These milestones are currently in progress. The order given here does not necessarily indicate priority.

  1. Continuous code review
    • Reviewed so-far:
    • Deliverable:
      • List of agreed code fixes.

Future

These milestones have been evaluated and will be implemented. The order given here does not necessarily indicate priority.

  1. Error categorisation proposal.
    • Currently errors are categorised simply by t_transfer_complete.tr_error_category. This means that errors are grouped in just ~12 categories.
    • This task is to propose a better solution for grouping errors into categories so that a sample error message from a given category is representative.
    • Possible solutions:
      • Use other fields from t_transfer_complete such as t_error_code, tr_error_scope, t_failure_phase.
      • Use heuristics such as error message length with [] contents removed.
      • Use regex pattern matching.
      • ...
    • Deliverable:
      • A document / presentation showing a number of different approaches and proposing the 'best' solution. This may include statistics such as how many categories 10000 errors are split into and examples of how representative samples are for a given approach.
  2. FTS queue status monitoring. (DUBNA)
  3. Latency monitoring. (Alexandre)
  4. Features sourced from VO requests
    • See VO requests sections below.

Under evaluation

These milestones are being evaluated and may be implemented in the future. The order given here does not necessarily indicate priority.
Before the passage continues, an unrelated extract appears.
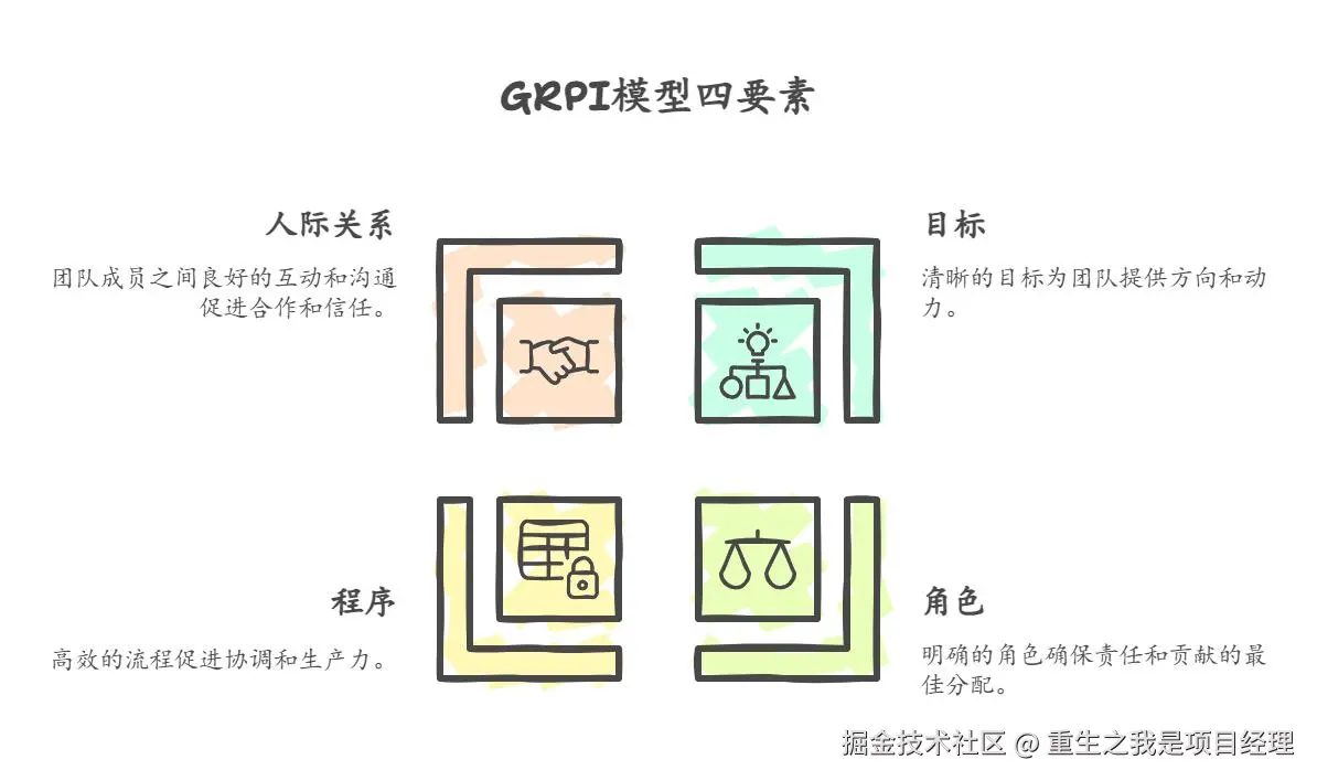 模型内容: GRPI模型关注四个关键要素:目标(Goals)、角色(Roles)、程序(Processes)和人际关系(Interpersonal Relationships)。该模型帮助团队识别并解决未达成目标的原因,确保每个成员都有明确的角色、责任和良好的沟通流程。

  1. Stress test II: POSTPONED
    • Repeat stress test I with security enabled.
    • Deliverable:
      • Plots / tables of results in SVN.
    • Notes:
      • Depends on Stress Test I and Security milestone.

VO requests

Commonality between VO requests should be found and milestones added above.

ATLAS requests

Minutes from meeting 13/02/2012 by Jaroslava Schovancova

[1] http://dashb-wlcg-transfers.cern.ch/ui

Stephane:

  • Since the information is collected from the FTS server directly, it would be interesting to identify the channels which are saturated.
    • By saturated, I mean that FTS jobs have to wait long before being processed OR they are always waiting FTS jobs in the channel.
    • My ATLAS colleagues want to transfer more and more files/GB. But I cannot provide the list of channels which are already saturated or close to be saturated.
  • naming convention of sites:
    • For the moment Dashboard/FTSmon is using GOCDB names, and I believe it is the only option for the view when multiple VOs are shown.

David (re naming convention):

  • Currently if a single VO is selected the naming convention of that VO is used. However, we will review whether this should be optional because it is not entirely intuitive that filters for multi-VO view do not select the same sites in single-VO view.

Discussion (re FTS saturation monitoring):

  • This is very similar to the request from CMS.
  • We (ATLAS) would like to have a possibility to filter/sort by the FTS server and by the FTS channel (so it is already in the todo list).
  • In addition FTSmon is planning to consume information about FTS queues. This would allow to correlate the transfer latency with the state of the queue.
    • ask regularly: are there jobs in a queue? same as Simone's "programmatical knowledge of status of DDM channel" request
      • each 10min, or 1hr, let's see what is better
      • even if there is no action you ask
      • over 1 month you make statistics: fraction of time when no jobs waiting, fraction of time when jobs waiting in a queue

Simone:

  • list of servers: find out a nickname (e.g. hostname of the server)
  • programmatical knowledge of status of DDM channel (SRC+DEST pair): how many files queued/in transfer per channel
  • FTS channel limits (queue length, in transfer limit)
  • exposed mapping between DDM channel (SRC+DEST pair) and FTSchannel+FTSserverHostname (info from FTS)
  • exactly same view as [1] but display only rates from the gridftp part of the transfer (transfer: SRM init at SRC, gridftp, SRM init at DEST) --> almost the network part, get rid of SRM overhead
    • list of SRM endpoints, SRC SRM overhead, DEST SRM overhead for each SRM endpoint
    • UI + programmatical access, want both, start with programmatical one

Ale:

  • some of job output which FTS server has done? would like to download the log
  • occupancy of channels: not matrix, but table

Email 30/05/2012 from Alessandro Di Girolamo

Dear David,

ATLAS observed slow transfers from IN2P3-CC to TRIUMF-LCG2. The general speed of the transfers was not globally very slow, but few transfers were very slow (0.1MB/s). The problem was that there were 2 diskservers which behave not well. These few transfers were then blocking the full channel, thus creating huge backlog. https://ggus.eu/ws/ticket_info.php?ticket=82363

WIth the old FTS monitor "a la IN2P3-CC" we were able to spot these transfers, checking the FTS jobs that were lasting for more than N hours. Do you think it will be possible to have this info also in the new FTS monitor?

Thanks Ale

CMS requests

Minutes from meeting 21/11/2011 by Andrea Sciaba'

Participants: Pepe, Julia, Daniel, Andrea Sciaba', Andrea Sartirana, Tony

J: Missing aggregation wrt FTS service and channel. J: Ranking plots to be added (trivial). J: Must understand what CMS needs for transfer operations.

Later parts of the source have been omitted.